Three joint ventures (consisting of the Company’s joint venture in Korea, Thailand and remaining payables balance to the Company at Tianjin Zerust) accounted for 54.1% of the Company’s trade joint venture receivables at May 31, 2015.  Three joint ventures (consisting of the Company’s joint ventures in Korea, Thailand and Tianjin Zerust) accounted for 62.9% of the Company’s trade joint venture receivables at August 31, 2014.

On March 23, 2015, the Company and NTI Asean LLC (NTI Asean), a majority owned subsidiary of the Company, filed a lawsuit in Tianjin No 1 Intermediate People’s Court against two individuals, Meng Tao and Xu Hui, related to breaches of duties and contractual commitments owed to NTI Asean under certain agreements related to the Company’s former joint venture in China, Tianjin Zerust Anti-Corrosion Technologies Ltd (Tianjin Zerust).  The lawsuit alleges, among other things, that Mr. Meng Tao and Xu Hui have engaged in self-dealing, usurped business opportunities, and received economic benefits that were required to go to Tianjin Zerust.  At this point it is too early in the lawsuit to reasonably estimate the amount of any recovery to NTI Asean, if any.  On April 21, 2015, the Company and NTI Asean initiated a lawsuit in the District Court for the Second Judicial District, County of Ramsey, State of Minnesota against Cortec Corporation alleging, among other things, that Cortec Corporation aided and abetted breaches of duties and contractual commitments owed to the Company and NTI Asean related to the Company’s joint venture in China, Tianjin Zerust.
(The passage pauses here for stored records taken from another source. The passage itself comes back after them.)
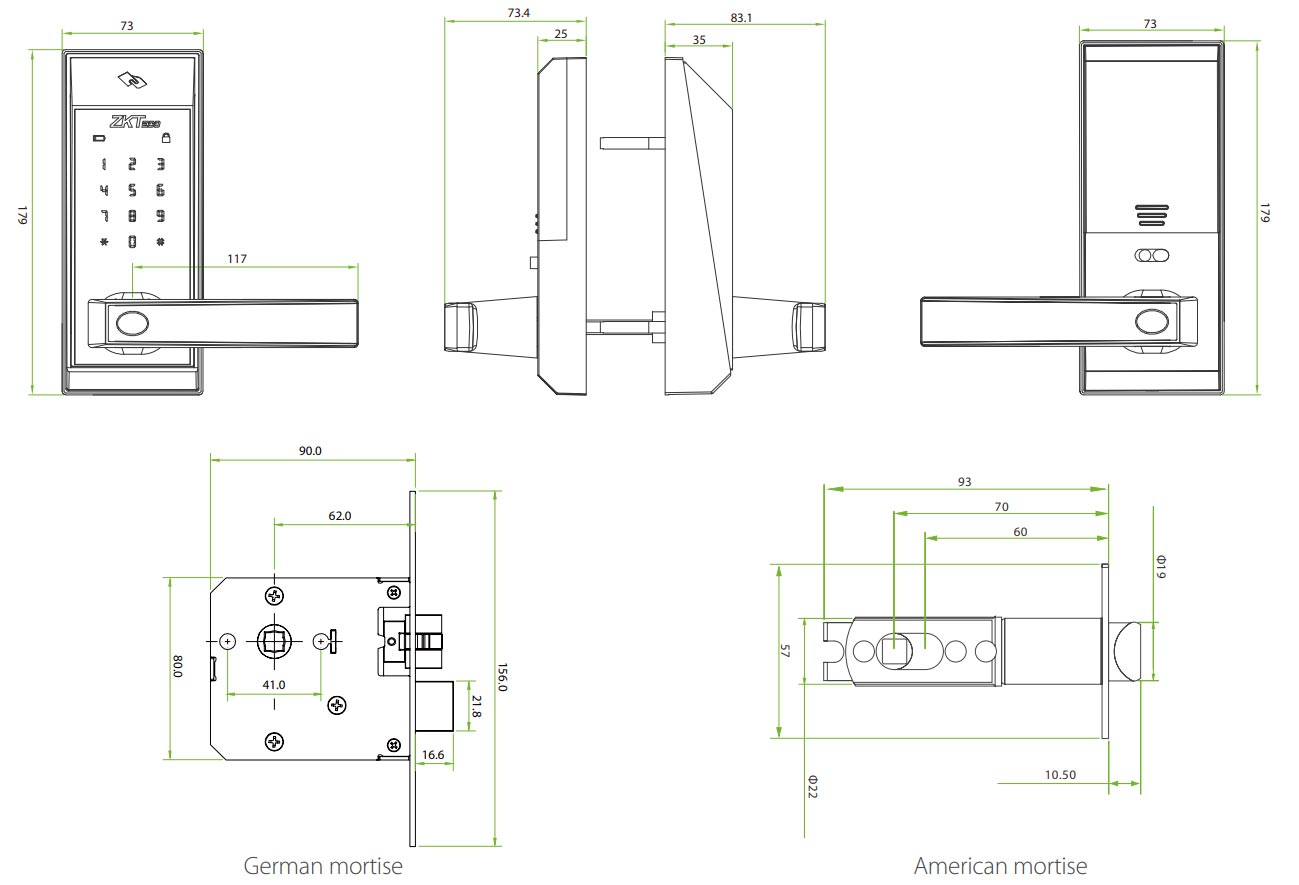 Беспроводной электронный врезной замок ZKTeco AL10DB (рычажный, европейский стандарт) для дверного полотна толщиной 30-54 мм, поддерживает идентификацию по карте, паролю.
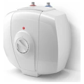 HI-THERM ELECT 15 U Компактний електричний водонагрівач монтується ПІД раковиною завдяки своїм маленьким розмірам, має виходи ЗГОРИ. Водонагрівач має зручний механічний терморегулятор, міцний сталевий бак з покриттям з дрібнодисперсної емалі, яка запобігає протіканню. Технічні дані Об `єм 15 л Потужність 1500 Вт Час нагріву 31 хв Габарити 384х372х337 мм Тип тена мокрий Вага 7,8 кг Головні переваги водонагрівачів ELECT: Терморегулятор на лицьовій частині водонагрівача з індикатором Капілярний термостат для точного регулювання температури Міцний зовнішній корпус з поліпропілену ON / OFF вимикач
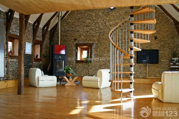 樓中樓樓梯材質(zhì)二:實(shí)木樓梯
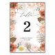 Floral Terracotta Rustic Boho Mariage Numéro de tableau.
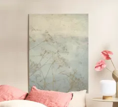 Fine structures, delicate flowers and fragile blades of grass run like filigree veins through the picture, creating a calming yet deeply moving scene. The dominant beige tones lend the work a restrained elegance and invite the viewer to discover the beauty in simplicity. This minimalist composition whispers softly of the transience of nature and the subtle yet powerful beauty that lies hidden in every moment of life.
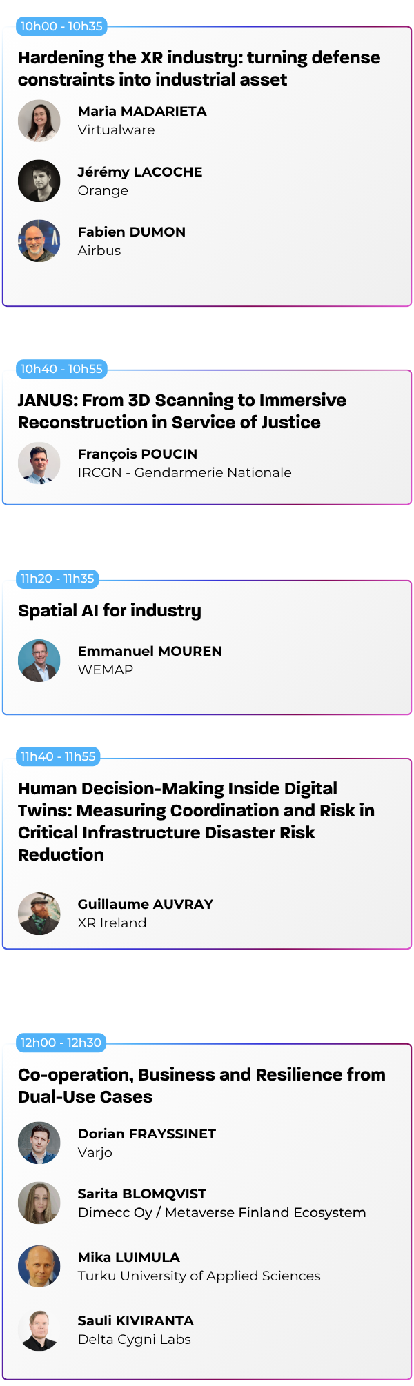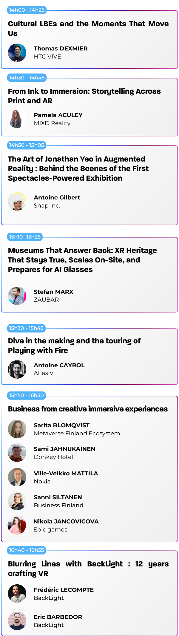 Nos conférences sont ouvertes à tous les visiteurs muni d’un « Full Pass » ou d’un Pass avec l’option « Sessions », qu’il s’agisse de professionnels du secteur, de novices curieux ou d’experts en technologie immersive. Les sessions sont conçues pour offrir des insights à différents niveaux de compétence.

From time to time, the Company is subject to other various claims and legal actions in the ordinary course of its business.  The Company records a liability in its consolidated financial statements for costs related to claims, including future legal costs, settlements and judgments, where the Company has assessed that a loss is probable and an amount can be reasonably estimated. If the reasonable estimate of a probable loss is a range, the Company records the most probable estimate of the loss or the minimum amount when no amount within the range is a better estimate than any other amount.  The Company discloses a contingent liability even if the liability is not probable or the amount is not estimable, or both, if there is a reasonable possibility that material loss may be have been incurred.  In the opinion of management, as of May 31, 2015, the amount of liability, if any, with respect to these matters, individually or in the aggregate, will not materially affect the Company’s consolidated results of operations, financial position or cash flows.